My mother and I were talking about how Lucky was good practice for how well he'll take care of Mom when she's old and feeble. But it's still hard to watch my father mourn someone he fought so hard to keep healthy for so long. I know this is a long sad entry to wade through and I thank all of you who have come this far. I just wanted to make sure we don't forget this treasured member of our family and how much he meant to us all. If you think your heart can take it, you can watch the video from June of my father petting Lucky.

a month in review

That snapshot of my stats only partially describes my last 30 days. Sure, you can see that huge spike when Fussy linked to me, and the numbers steadily climbed as other folks found me through the NaBloPoMo Randomizer.
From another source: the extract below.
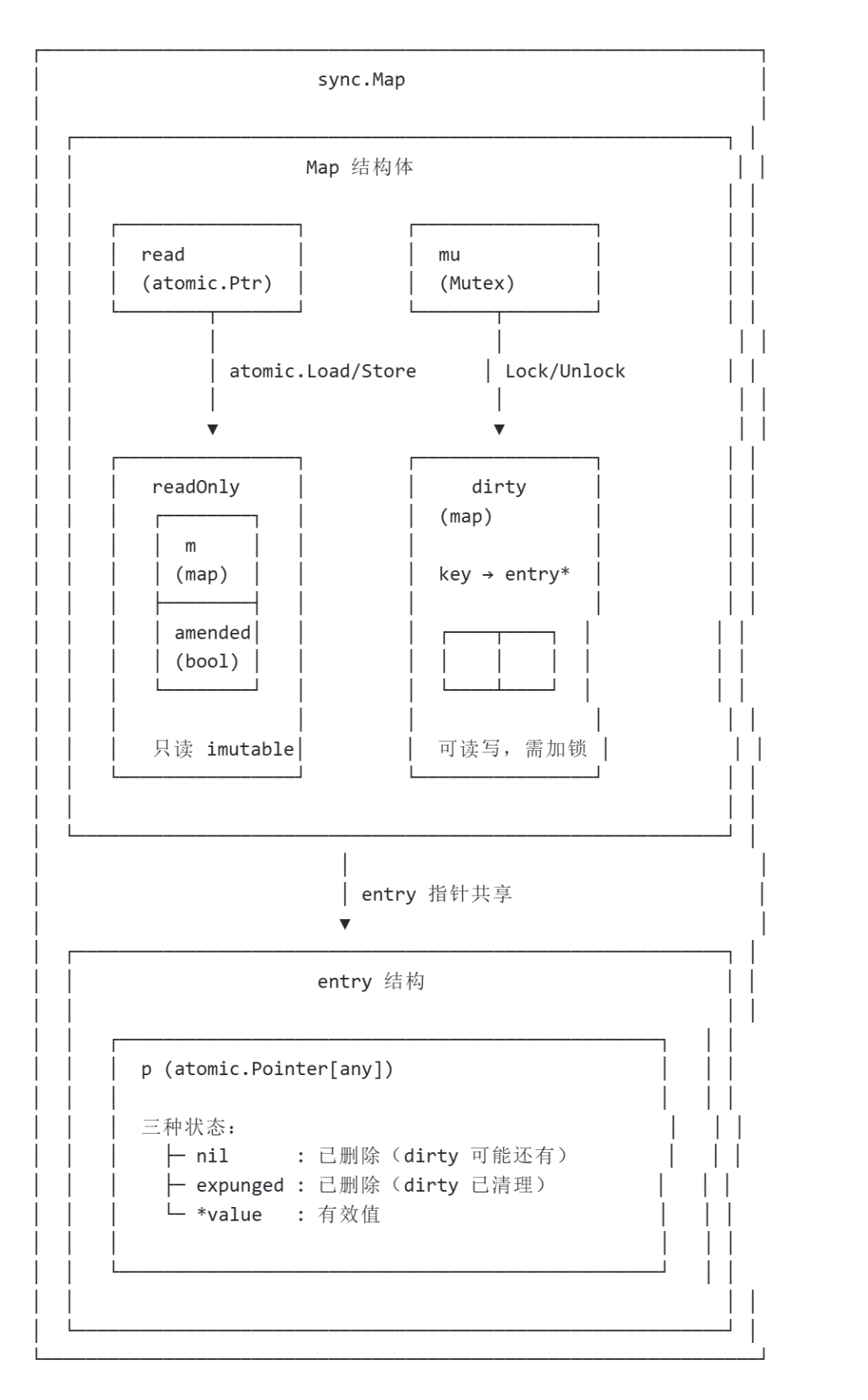 sync.Map 的核心设计是”双 map + entry 指针共享“:

But I don't feel like I've taught the world to sing in the last month any more so than I would have otherwise. I just made a promise to myself to be consistent and see how I felt at the end.

What I did learn this last month is that I love to write. It may not always come easily, but I always feel better after I've sat and put some words down. What was most fascinating is those days when I least wanted to write, I did it anyways and it didn't sound like complete garbage and I didn't say anything I would later regret and I felt significantly more human after writing. Sitting my ass down at the end of the day (sometimes, like tonight at the very very very end of the day) has really helped me get perspective on what all I did and how much it matters in the grand scheme of things. I think I've been sleeping better. I'm certainly happier.

So I'm going to try to stick with this. I can't guarantee I'll have pearls to cast every evening (because sometimes I just want to go to bed), but I hope to share something of value a little more often than once a fortnight.

Tonight was another one of those nights I dreaded coming up with something to say. I'm exhausted and don't have the energy to tell you all about Shamu and the world's hugest Christmas tree and my haircut and how they all relate to each other in a wacky and cosmic way. But I did want to thank you all for bearing with me in my little experiment. I hope we can do this again soon.

Apple lies! (or how the camcorder is kicking my ass)

Things I have learned while attempting to record video.

  • Tripods are your friend if you are attempting to film yourself. It's worth tearing the house apart to find it even when it's in the exact place you thought it was but invisible for the first 30 minutes of the search.
  • My eyes disappear when I smile. I must be part Chinese based on my eyes alone. We'll ignore the pale skin and freckles and long inseam. You can call me Gi Ni.
  • Trying to keep my eyes wide makes me look crazy, surprised and a little condescending as the top and bottom of my face no longer match and makes my entire expression seem contrived (which it is).
  • Without a studio for my recording, the cats will decide to tussle in the floor beneath me, the dog will hock up something just beyond the camera's view and Rich will declare something loud and profane over some televised sporting event all while the camera is "rolling."
  • No matter how simple the three sentences are I want to record, I will manage to screw it up and have to record those same three sentences 8792 times.
  • I should not decide to record a video for posterity when it is 24 hours before my long overdue haircut and color, unless said video is about how badly I need a haircut and color.

I have spent two hours recording what would normally only take 10 minutes to explain. I have not even begun to edit it and turn all these duplicate clips into something coherent and entertaining. I'll do my best to share my masterpiece before the end of this week, but it may take me until Monday to put the "finishing touches" on it.

I'm definitely no Ze Frank. He certainly doesn't have squinty eyes.